# Créer un raccourci pour lancer une appli



## Rollmops (5 Novembre 2019)

Bonsoir à tous 

J'essaye de lancer une application avec l’appli Apple Raccourci.
Je n'y arrive pas.
Je clique ds la galerie de Raccourci sur "créer un raccourci"
Dans la fenêtre qui s’est ouverte je tape "ouvrir Affinity" ou" démarrer Affinity".
Je referme, clic sur le raccourci créé.
Mais ça ne fonctionne pas.
Il doit y avoir un script à écrire mais je ne sais pas comment le faire…
Quelqu'un pourrait m'aider ?

Merci


----------



## Membre supprimé 1129907 (5 Novembre 2019)

Rajoute "Ouvrir l'app" (présent dans "Rédaction de script")  dans ton racourci.
Ensuite, tu sélectionnes "choisir" (juste à côté de "ouvrir") puis affinity. cf exemple ci-dessous où j'ai choisi "app store"




Cela devrait fonctionner.


----------



## Rollmops (5 Novembre 2019)

Merci  mais je n’ai pas "rédaction de script" dans cette fenêtre


----------



## Membre supprimé 1129907 (5 Novembre 2019)

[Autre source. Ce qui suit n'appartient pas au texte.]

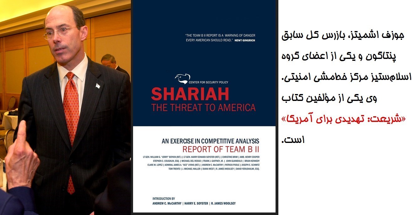 یکی از این افراد ولید فارس (Walid Phares)، کارشناس ارشد سابق در مؤسسه نئومحافظهکار «بنیاد دفاع از دموکراسیها» است که در سال 2012 مشاوره کمپین انتخاباتی میت رامنی را در حوزه خاورمیانه بر عهده داشت. فارس هشدار داده است که مسلمانان آمریکا قصد دارند قوانین شریعت را در این کشور ترویج دهند. فارس در سال 2012 ادعا کرد «برخی مشاورین و کارشناسان در این دولت [اوباما] وجود دارند که با اخوانالمسلمین همکاری دارند» تا سیاست خارجی آمریکا را تحت تأثیر قرار دارند.
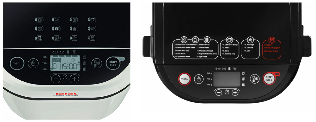 Хлібопічки Tefal доступні в різній комплектації та з різною кількістю програм (17–20). Із пристроєм можна приготувати: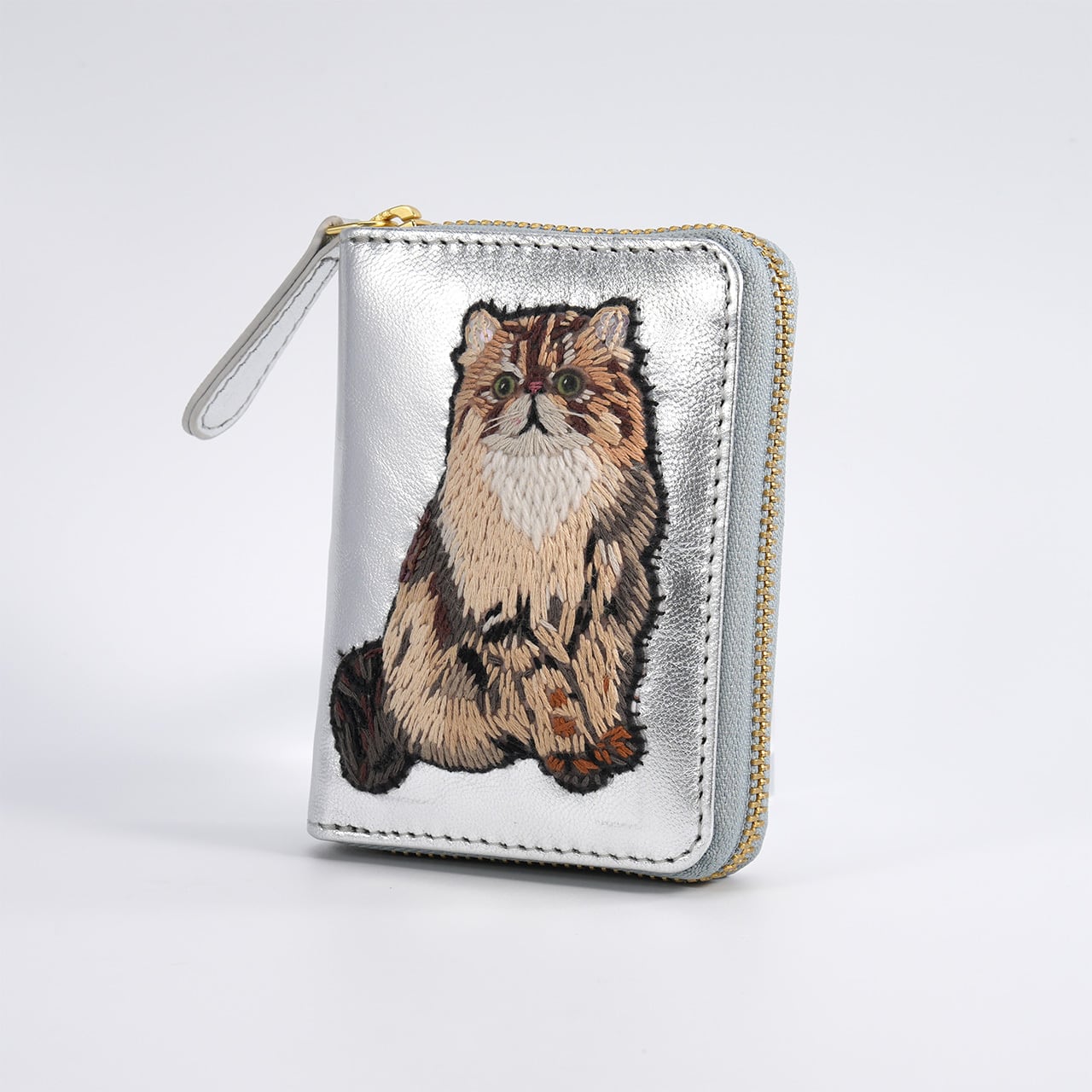 This adorable mini wallet features charming cat embroidery.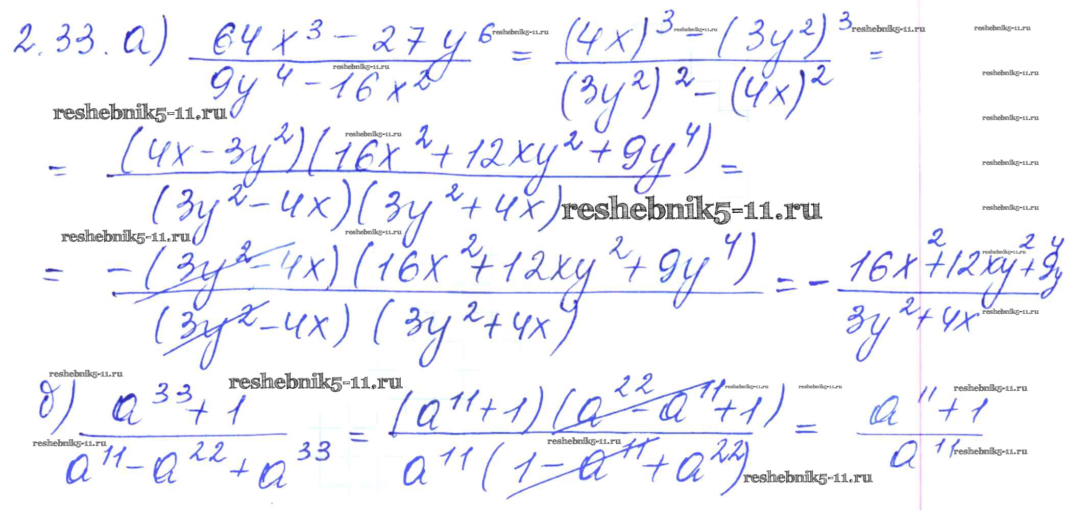 Готовая домашняя работа с ответами по Алгебре за 8, 9 класс Галицкий, Гольдман, Звавич Сборник задач Просвещение 2019 ФГОС - Параграф 2. Рациональные дроби 2.33

Ben si... 3ème icone en haut à gauche


----------



## Rollmops (5 Novembre 2019)

Ok 
Mais ds la liste "choisir" il n’y a pas Affinity


----------



## Rollmops (5 Novembre 2019)

Excuses… il fallait chercher "Photos" et non "Affinity" un autre nom pour Affinity…
Merci encore


----------



## Membre supprimé 1129907 (5 Novembre 2019)

Ah ok


----------



## Rollmops (5 Novembre 2019)

Regarde le post du dessus : on s’est croisé…


----------



## Membre supprimé 1129907 (5 Novembre 2019)

Oui, c'est pour ça que j'ai édité mon dernier poste


----------